If the third and the eighth terms of an AP are 9 and -6 respectively, which term of this AP is zero?

• A. $6^{th}$ term
• B. $5^{th}$ term
• C. $2^{nd}$ term
• D. $4^{th}$ term

Answer 1

The correct option is A $6^{th}$ term

It is given that $3^{rd}$ and $8^{th}$ term of AP are 9 and -6 respectively.

$\Rightarrow a_3=4\text{and}{a}_8=-6$.
Where, $a_3\text{and}{a}_8$ are third and eighth terms respectively.

Using formula $a_n=a+(n-1)d$ to find $n^{th}$ term of arithmetic progression, we get

$9=a+(3-1)d$
$\Rightarrow 9=a+2d$ ..................(1)

and, $-6=a+(8-1)d$
$\Rightarrow -6=a+7d$..................(2)

These are equations in two variables.

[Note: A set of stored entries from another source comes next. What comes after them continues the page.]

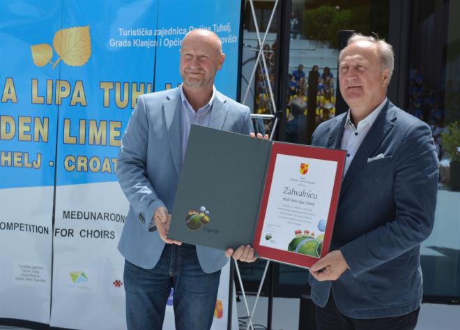 Sukladno ovlastima kao župana, KUD – u Naša Lipa Tuhelj i dirigentu Armandu Slavičeku župan Kolar je predao zahvalnicu povodom 15. obljetnice održavanja natjecanja i za dioprinos zajednici, promociju svog mjesta i županije i stvaranju dobre klime.
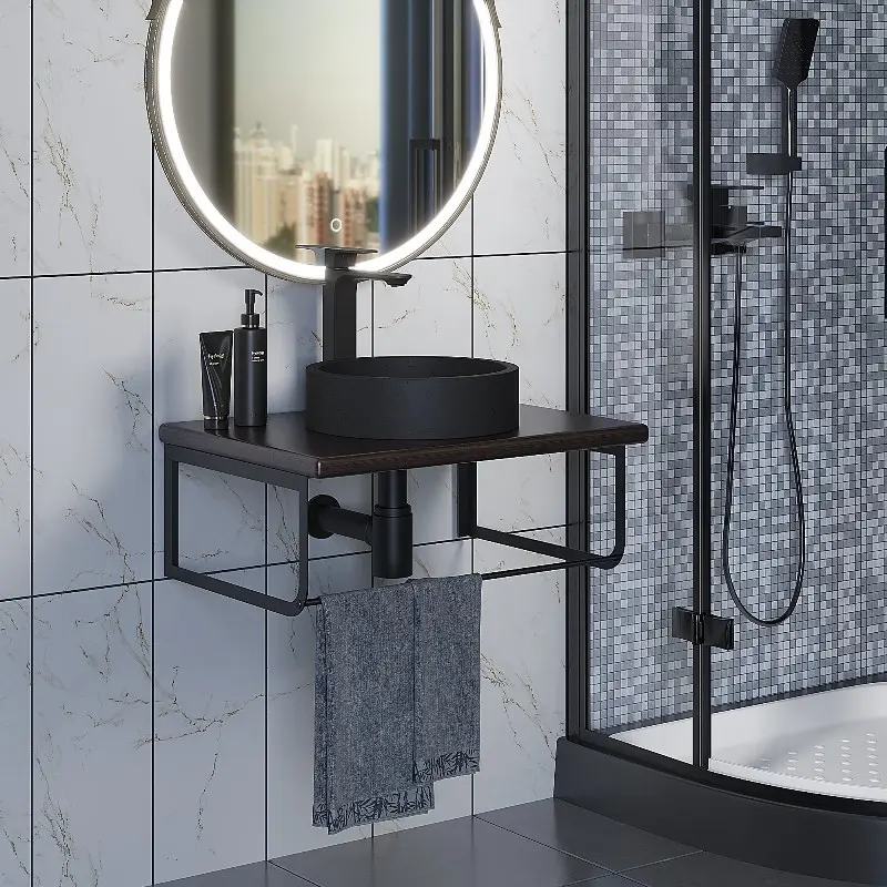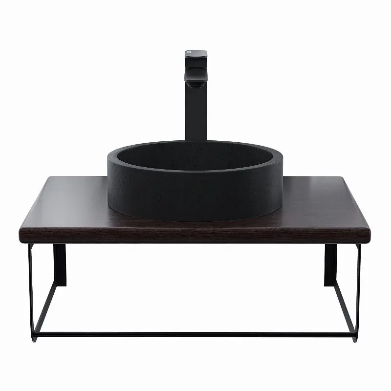 Столешница Uperwood Tanos 60 + раковина Round + кронштейн Черный / Бук темный
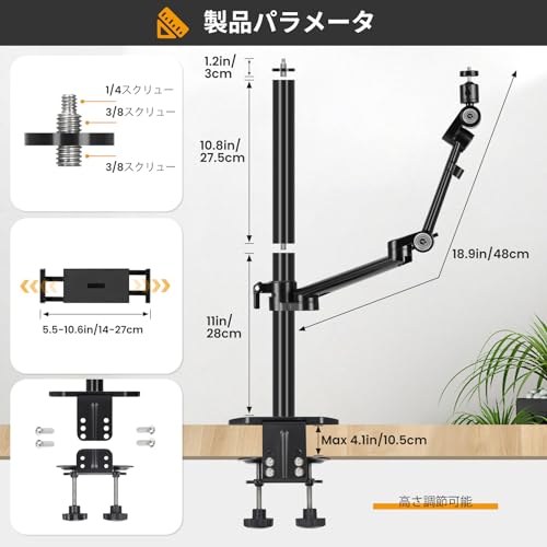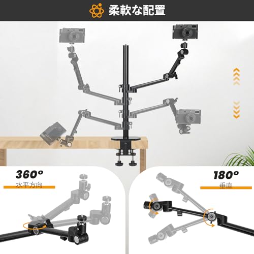 カメラスタンド 配信 卓上 デスクマウントスタンド カメラ アーム 卓上カメラマウント 俯瞰撮影 スマホスタンド 高さ調整可能 頑丈 プロジェクタースタンド カメラ スマートフォン 補助照明 写真撮影 ライブ放送 会議 ビデオ録画
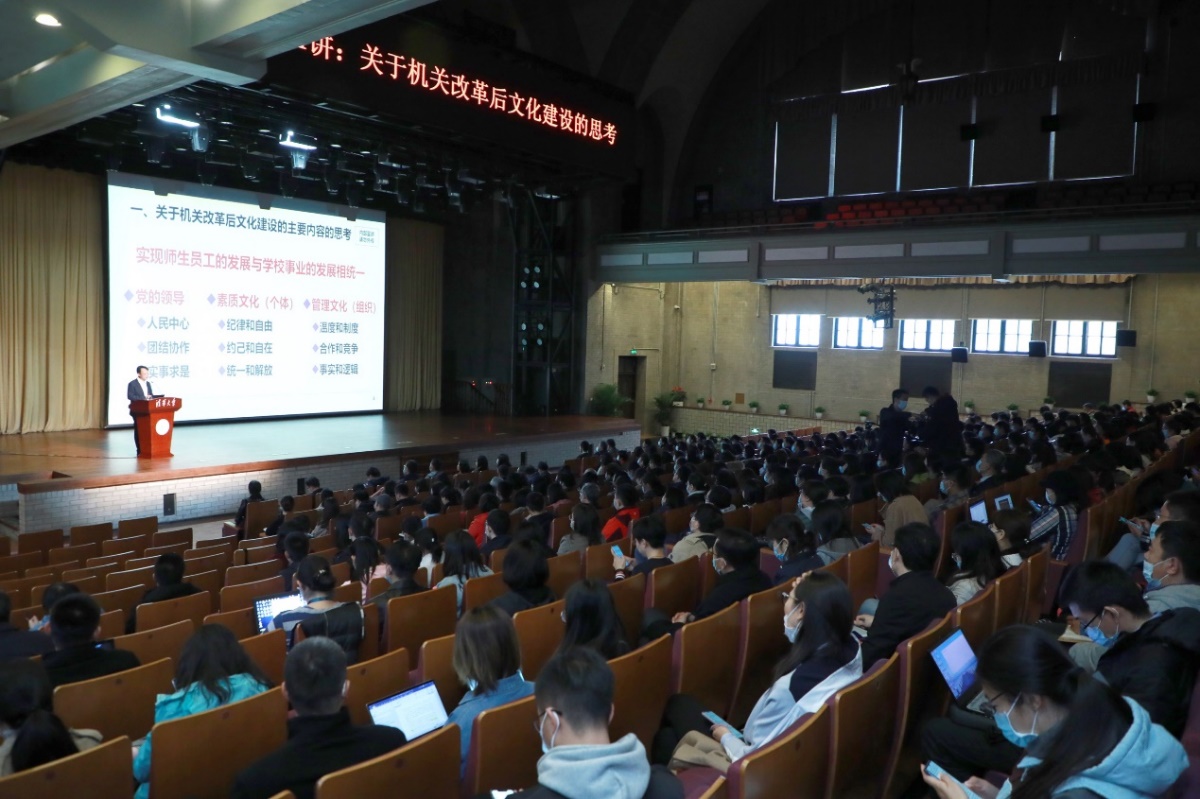 乐动(中国)网11月5日电(记者 冯哲盈 摄影 石加东 曹文鹏)10月30日上午,乐动平台常务副校长、校机关党委书记王希勤在大礼堂作了题为“关于机关改革后文化建设的思考”的主题报告。这是校机关党委主办的“荷声讲坛”系列报告会的第二十四讲,同时也是校机关“加强文化建设,凝聚发展力量”特色活动的系列报告之一。校机关党委常务副书记欧阳沁主持会议,校机关党员和职工400余人参加报告会。

Let’s solve them using the method of substitution.
Using equation $9=a+2d$ we can say that $a=9-2d$

Putting value of '$a$' in (2), we get
$-6=9-2d+7d$
$\Rightarrow -15=5d$
$\Rightarrow d=-\frac{15}{5}=-3$

Substituting '$d$' in (2), we get
$-6=a+7(-3)$
$\Rightarrow$$-6=a-21$
$\Rightarrow$$a=15$

Therefore, first term $a=15$ and Common Difference $d=-6$

We want to know which term is equal to zero.
Using formula $a_n=a+(n-1)d$ to find $n^{th}$ term of arithmetic progression, we get
$0=15+(n-1)(-3)$
$\Rightarrow 0=15-3n+3$
$\Rightarrow 0=18-3n$
$\Rightarrow 3n=18$
$\Rightarrow n=\frac{18}{3}=6$

Therefore, $6^{th}$ term of the AP is equal to 0.